Nach den Terroranschlägen von Paris fährt Trainer Alfred Gislason vom THW Kiel mit einem "mulmigen Gefühl" zum Auswärtsspiel in die französische Hauptstadt.

Trainer Alfred Gislason vom THW Kiel sieht der Partie der "Zebras" bei Paris Saint-Germain nach den Terroranschlägen in der französischen Hauptstadt mit Sorge entgegen.

"Leider bin ich nicht derjenige, der es entscheidet. Ich finde es sehr schwierig, jetzt dorthin zu kommen, wo Alarm ohne Ende ist", sagte Gislason bei SPORT1 im Hinblick auf das Auswärtsspiel am Samstag in der Champions League.

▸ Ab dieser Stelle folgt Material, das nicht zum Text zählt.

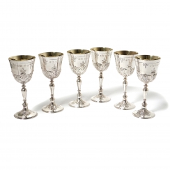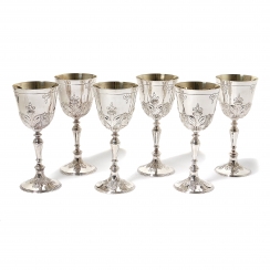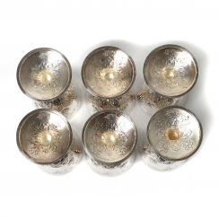 Размеры коробки: 39 х 29,5 х 11 см. =============================== Silver wine glasses (goblets), 6 pcs, decorated with floral patterns. In the box.

Der Isländer weiter: "Man weiß ja nicht, wie alles wird, da auch der Flughafen unter besonderer Beobachtung steht. Man hat natürlich ein mulmiges Gefühl."

Gislason hat nach den Geschehnissen am vergangenen Freitag Mitleid mit den Bewohnern von Paris und auch dem Gegner: "Natürlich tun mir die Pariser leid, und auch PSG", meinte er.

Den Fokus will der 56-Jährige nun auf das Sportliche legen: "Wir müssen versuchen, uns auf das Spiel zu konzentrieren."